I remember Carl Sagan lecturing on the Drake Equation, the last term of which is the lifetime of a technologically advanced civilisation. He concluded that if such civilisations can survive adolescence, there are probably lots of them out there, but otherwise there’s probably only one in the galaxy, and we are it.
Paul Braterman, I have no idea why your comment was delayed. The second one is slightly different from the first, so I’ll leave both of them.
Twice Ken Ham has tweeted a link to an article titled “Pedophiles Desperately Trying To Join LGBT Movement with Their Own Acceptance Flag” despite that the first time someone replied with the link to snopes showing it to be fake.
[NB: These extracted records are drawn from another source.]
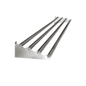 Incorpora 4 barras longitudinales de acero inoxidable que permiten deslizar bandejas o sostener elementos, facilitando la operación diaria y el acceso a utensilios o productos.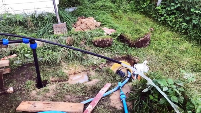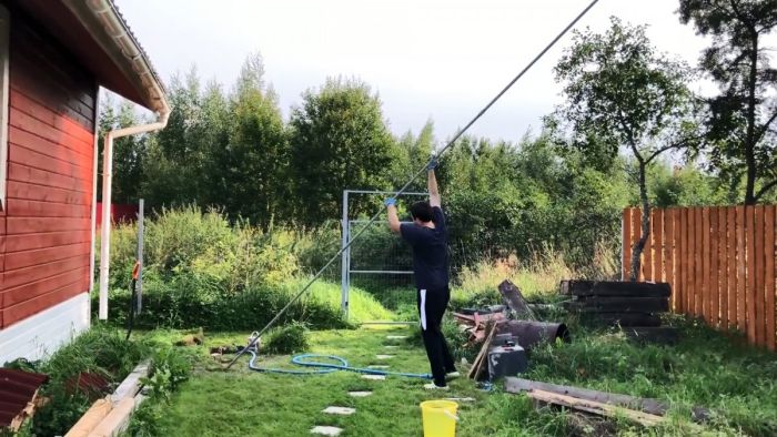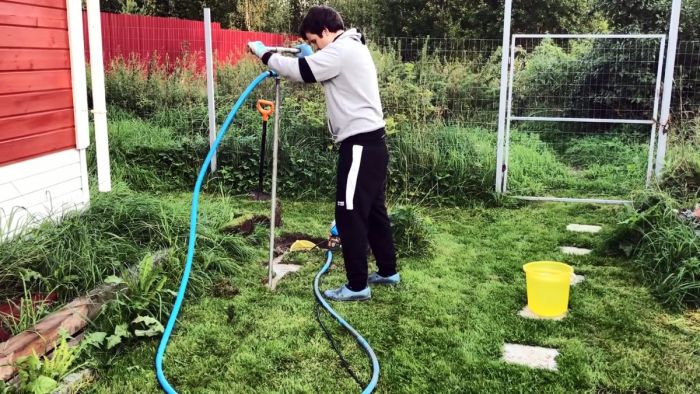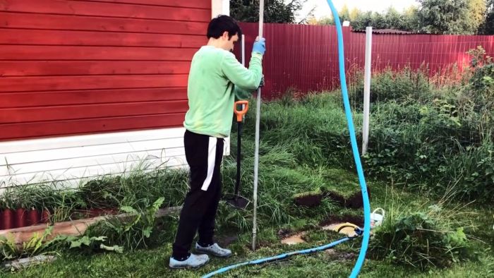 Обеспечить участок водой можно за счет абиссинской скважины пробитой своими руками. Если напороться на богатую водоносную жилу, то воды хватит на полив, наполнение бассейна и любые другие цели. Для бурения скважины не нужно закупать супердорогое оборудование и тратить недели на работу. Если повезет, то начав утром, воду можно получить уже к вечеру.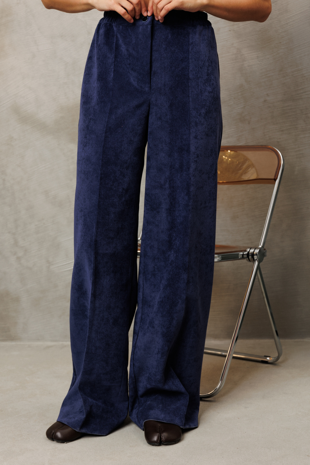 Брюки палаццо с притачным поясом из мягкой вельветовой ткани. Спереди застежка гульфик на молнии и петлей и пуговицей по поясу. По задней частям брюк вытачки. Пояс с резинкой в боковых частях. Брюки с заутюженными стрелками. Длина брюк с учетом пояса - 109 см.

https://www.snopes.com/fact-check/maps-pride-flag/
Saith the prophet Ham:
The “starting point” argument is used against evolution, too: if you start out with “naturalistic presuppositions,” then of course you’ll reject the plain truth laid out in the Bible. This, however, can be restated as: If you don’t start out believing the Bible is literally true, you won’t “interpret” available evidence so as to prove the Bible is literally true.
This sort of reasoning is useless. Evidence may be interpreted in different ways if there’s not enough of it to come to a definite conclusion, but where evolution is concerned we’re a century and more past that point. Even the ID types grudgingly admit that new species can evolve; creationists’ invocation of the concept of “kind” is merely a desperate effort to avoid complete surrender.
Curmy, the reason why Paul`s comments were delayed is—–the aliens are censoring the `net.
Late comment. But with the rain experienced in the Washington DC area over the past 3 days, we may actually drown. Over 3 inches a day, every day.